Bennett wasn't always happy with that. As a young gun session player in Los Angeles (he first worked professionally at age 17), he recalls "just wanting to be in Pink Floyd" at the same time he was making laid-back recordings with Peggy Lee, Liberace, Andy Williams and The Partridge Family. Throughout his recording career, he always has sought to bring edge and snarl, and since his 1985 relocation to Nashville he has played standout parts with Earle, Emmylou Harris and other luminaries: "If there's a great guitar lick on a Nashville record, there's a good chance Richard was the originator," Knopfler said.

Yet Themes From a Rainy Decade is not edgy or propulsive or anything of the sort. That doesn't mean it's dull, or that it ignores rock instrumental influences such as Duane Eddy or The Ventures. But it's meant as a pleasing, back porch Merlot of an album, not a barroom whiskey shot.

"I'm sort of over loud music and banging away on things," Bennett said. "I'm over people bludgeoning their instruments, and I was so into it for so long. I just like music now. Well-played, interesting music.

"Most guitar albums are just jamming, and they bore the (expletive) out of me. The ones that didn't were people like Tony Mottola, Chet Atkins and Duane Eddy. Now, why is it that those worked and the mass of the others didn't? It's because they started with proper, melodic songs."

Bennett moved to Nashville with hopes of becoming a full-time producer. After producing acclaimed albums on Earle, Harris, Marty Stuart and others, he felt that his guitar acumen was slipping, and he re-focused.

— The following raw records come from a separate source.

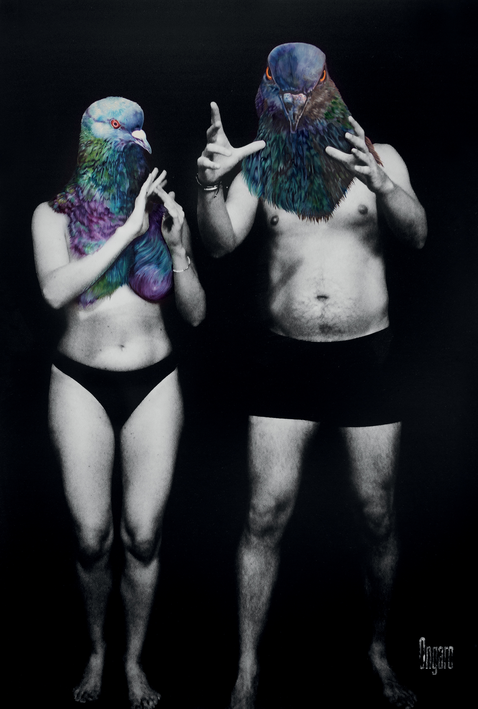La mia ricerca trova ora la sua giusta dimensione nell’incontro tra macchina fotografica e tavolozza, tra corpi umani e teste animali.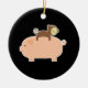 Baby Monkey Riding Backwards on a Pig Ceramic Tree Decoration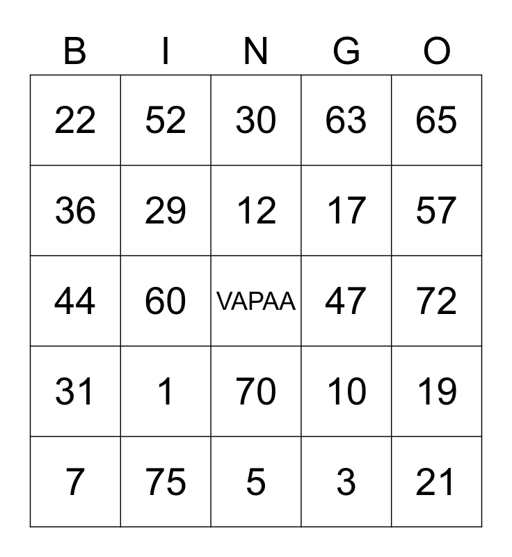 This bingo card has a free space and 24 words: 1, 75, 12, 7, 65, 22, 36, 52, 47, 70, 17, 44, 10, 19, 29, 3, 72, 30, 57, 60, 21, 31, 63 and 5.

He doesn't see Rainy Decade as a profitable career move - though he would like it if some of the songs find their way into motion picture soundtracks - and he'll continue to play sessions in which his playing has little to do with Al Caiola.

But if the instrumental album doesn't signal a major life change, it does offer a long-delayed introduction to the music-buying public. It's a hello and a handshake, from the new Al Ciaola.

Bennett bits

  • The diversity of Richard Bennett's recording credits is staggering. He is on albums by artists including Kim Carnes, David Cassidy, Chubby Checker, Rodney Crowell, Neil Diamond, Steve Earle, The Everly Brothers, Emmylou Harris, Waylon Jennings, Billy Joel, Mark Knopfler, Johnny Mathis, Ringo Starr, Barbra Streisand and Trisha Yearwood.
  • Now in his 50s, Bennett carries himself with a professorial aura. It wasn't always that way: As a 19-year-old, he joined Neil Diamond's band and was the young, agitating element in an otherwise mellow group. "What I brought to it was ignorance and arrogance, I suppose," Bennett said. "I was wanting to be in Pink Floyd or Led Zeppelin or something like that, and I brought a bit of swagger. I was a bit of a bad boy, and that somehow worked. Neil and I got on well, though. He took me under his wing, like a big brother would."
  • Bennett's biggest hit as a songwriter is Forever in Blue Jeans, recorded by Diamond.
  • His stinging electric guitar kickoff to Emmylou Harris' Heaven Only Knows (from her Bennett-produced Bluebird album) was the first sound heard on The Sopranos' season-opening episode this year.
  • He played for Rodney Crowell in the Cherry Bombs band, and he is a part of the new Notorious Cherry Bombs' album (which includes Crowell, Vince Gill and Tony Brown and will be released later this month). "I love his playing," Gill said. "He's learned, and continues to teach, the great lesson of 'Say more with less."'
  • Bennett and Mark Knopfler are the only guitarists on Knopfler's just-completed Shangri-La album, due for release on Sept. 27.

Getting there

Richard Bennett performs two album-release shows in the coming days, spotlighting material on his Themes From a Rainy Decade album. He's at Tower Records' West End location this afternoon at 5 (no cover charge), and at Billy Block's Western Beat show Tuesday night at the Exit/In, 2208 Elliston Place. (Show starts at 7 p.m., Bennett is on at 9, and the cover charge is $5). Exit/In: 321-3340.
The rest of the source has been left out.